ENTRIES SUPPLIED:

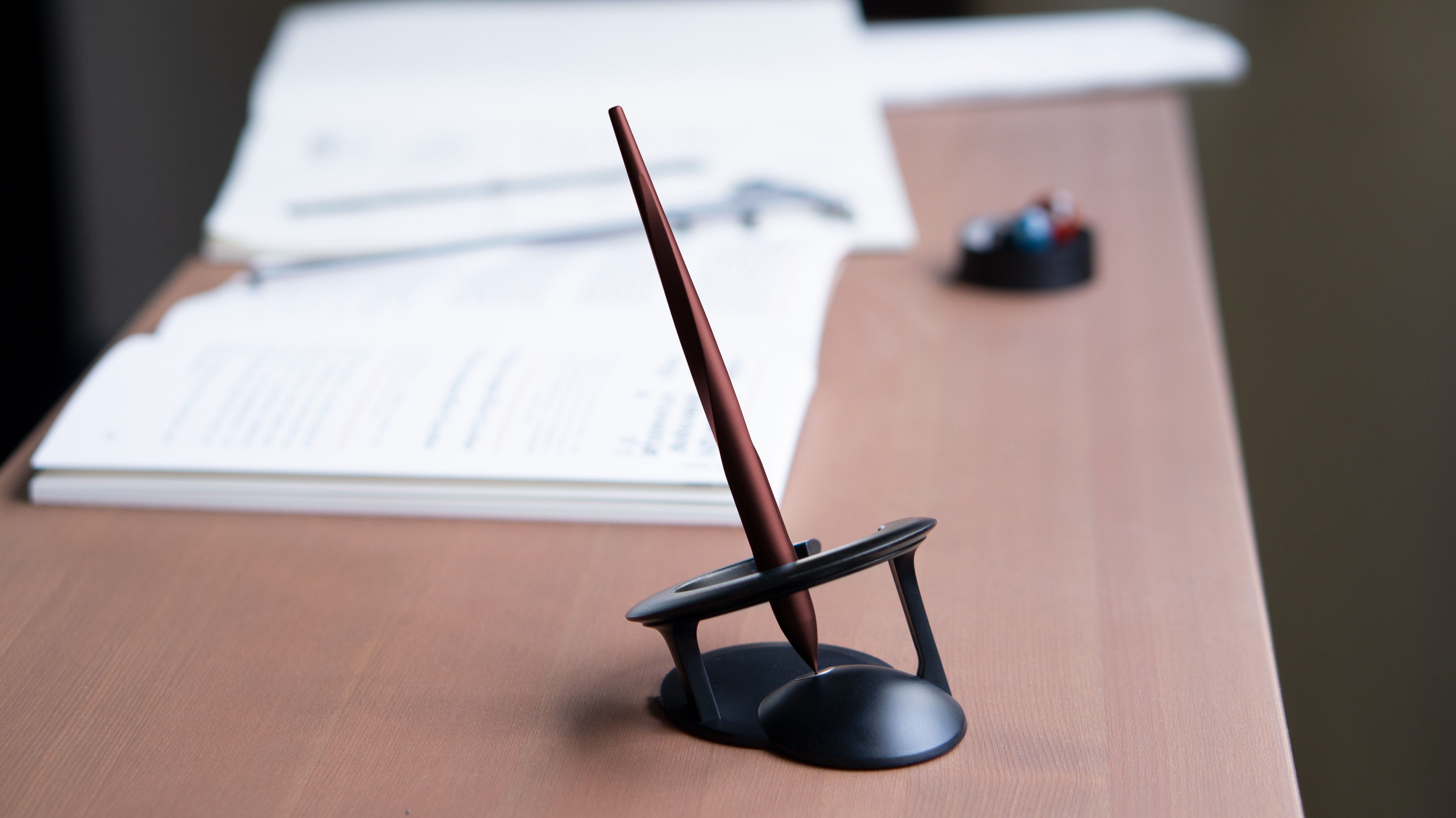 Thanks to the very precise fabrication of the pedestal, the Hoverpen sits in a ring of magnetic repulsion. Balanced at an angle of 23.5°, the pen itself is designed to oppose gravity.
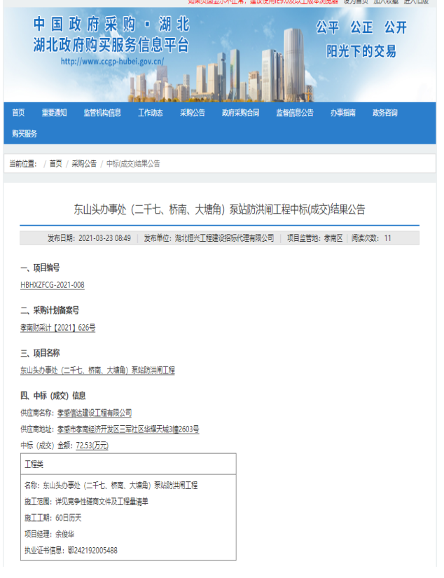 項目名稱:東山頭辦事處(二千七、橋南、大塘角)泵站防洪閘工程http://www.ccgp-hubei.gov.cn/notice/202103/notice_36c8cbc768664467a4519f9d0ffbe0fd.html項目法人:孝南區東山頭辦事處中標金額:72.53萬元.........
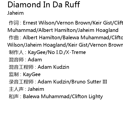 | [00:00.000] | 作曲 : Albert Hamilton/Balewa Muhammad/Clifton Lighty/Ernest Wilson/Jaheim Hoagland/Keir Gist/Vernon Brown |
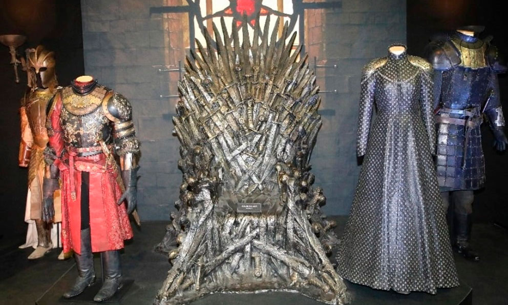 También figura el imponente abrigo blanco de piel que vistió Daenerys Targaryen (Emilia Clarke), así como joyas y otros accesorios diseñados por la galardonada Michele Clapton, junto con armaduras y cascos fabricados por Tommy Dunne.
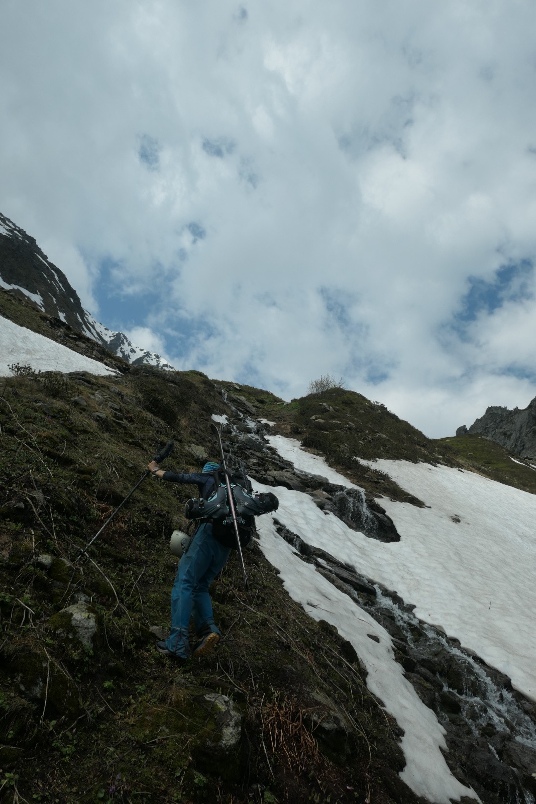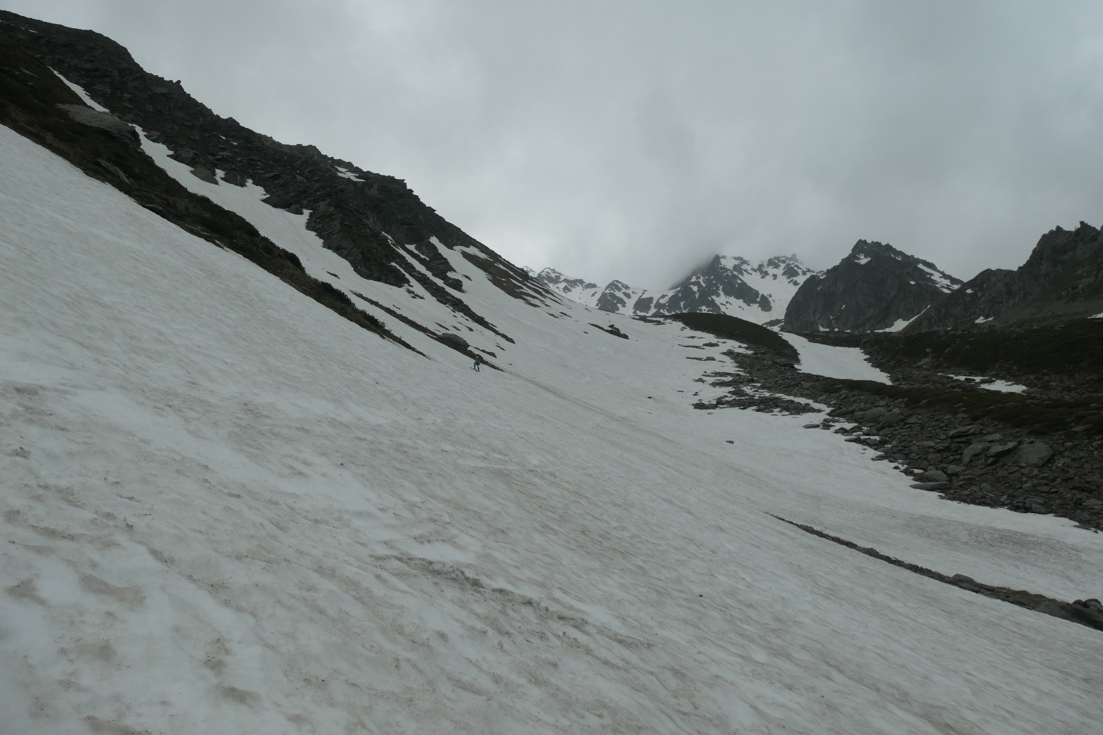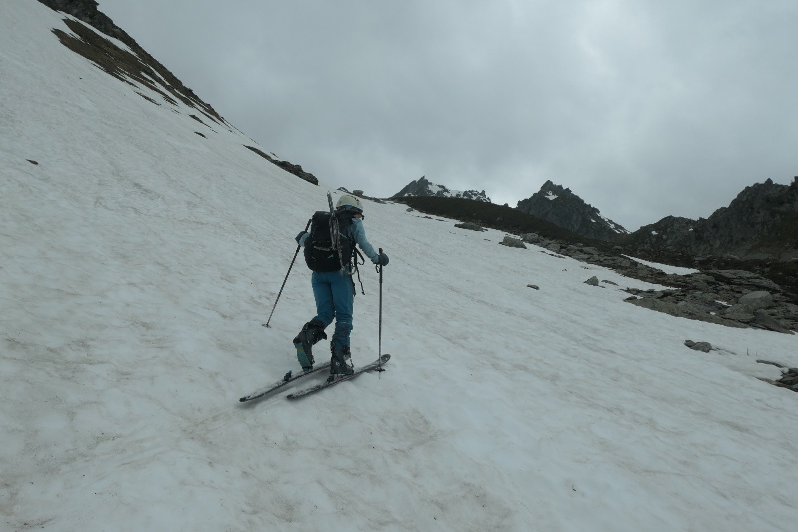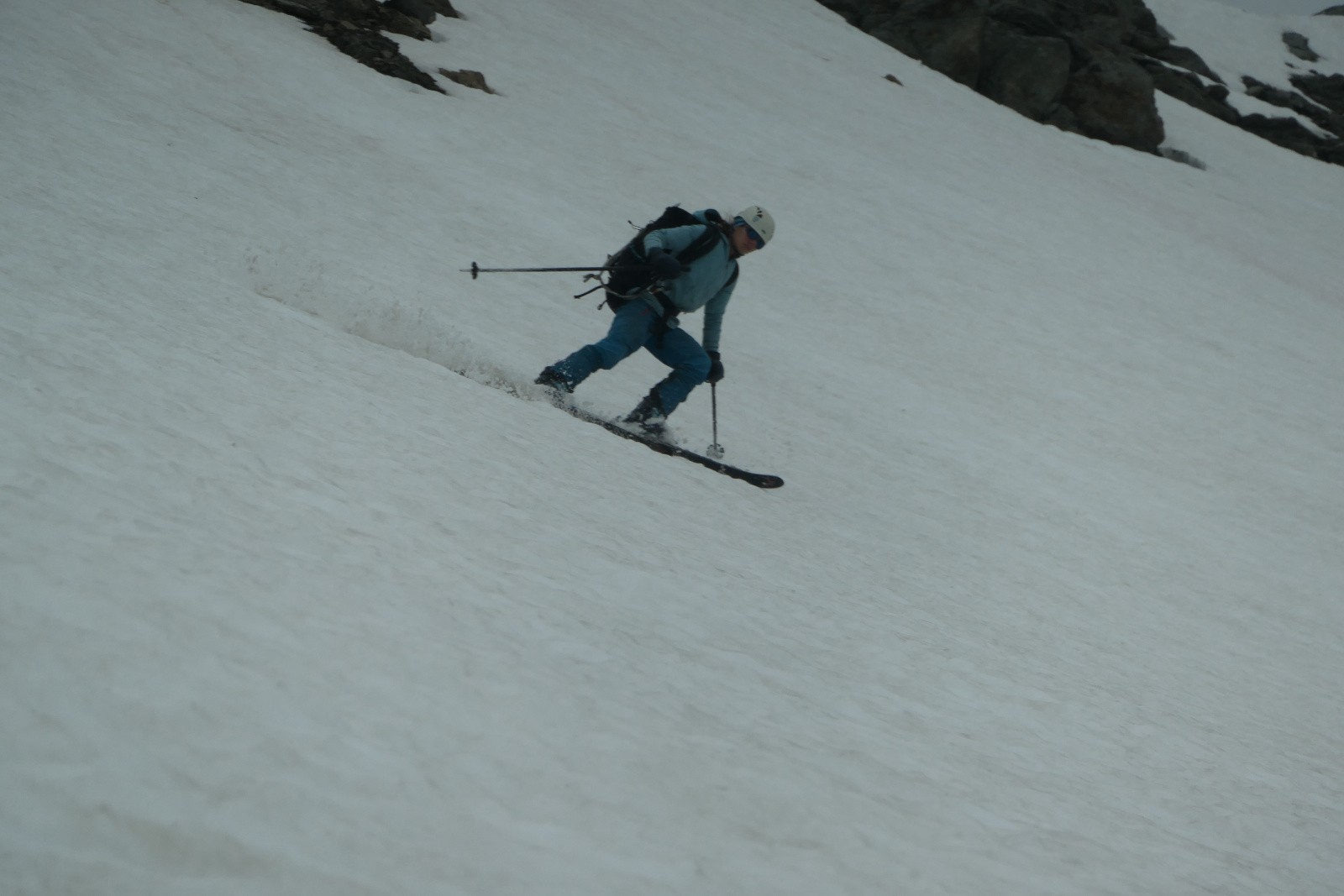 Après une bon portage on profitera d'une neige bien skiante. Un peu zippante en montée vu le faible regel, peu percolée encore à la descente. Second peautage dans la combe avant la reprise des averses. On se fera rincer quelques minutes en remettant les baskets puis ça se calme pour la suite de la descente.

WORK REQUEST: Reproduce exactly the lines that run from the line holding "項目名稱:東山頭辦事處(二千" through the final line of the entries, and omit every picture.

EXPECTED OUTPUT:
 項目名稱:東山頭辦事處(二千七、橋南、大塘角)泵站防洪閘工程http://www.ccgp-hubei.gov.cn/notice/202103/notice_36c8cbc768664467a4519f9d0ffbe0fd.html項目法人:孝南區東山頭辦事處中標金額:72.53萬元.........
 | [00:00.000] | 作曲 : Albert Hamilton/Balewa Muhammad/Clifton Lighty/Ernest Wilson/Jaheim Hoagland/Keir Gist/Vernon Brown |
 También figura el imponente abrigo blanco de piel que vistió Daenerys Targaryen (Emilia Clarke), así como joyas y otros accesorios diseñados por la galardonada Michele Clapton, junto con armaduras y cascos fabricados por Tommy Dunne.
 Après une bon portage on profitera d'une neige bien skiante. Un peu zippante en montée vu le faible regel, peu percolée encore à la descente. Second peautage dans la combe avant la reprise des averses. On se fera rincer quelques minutes en remettant les baskets puis ça se calme pour la suite de la descente.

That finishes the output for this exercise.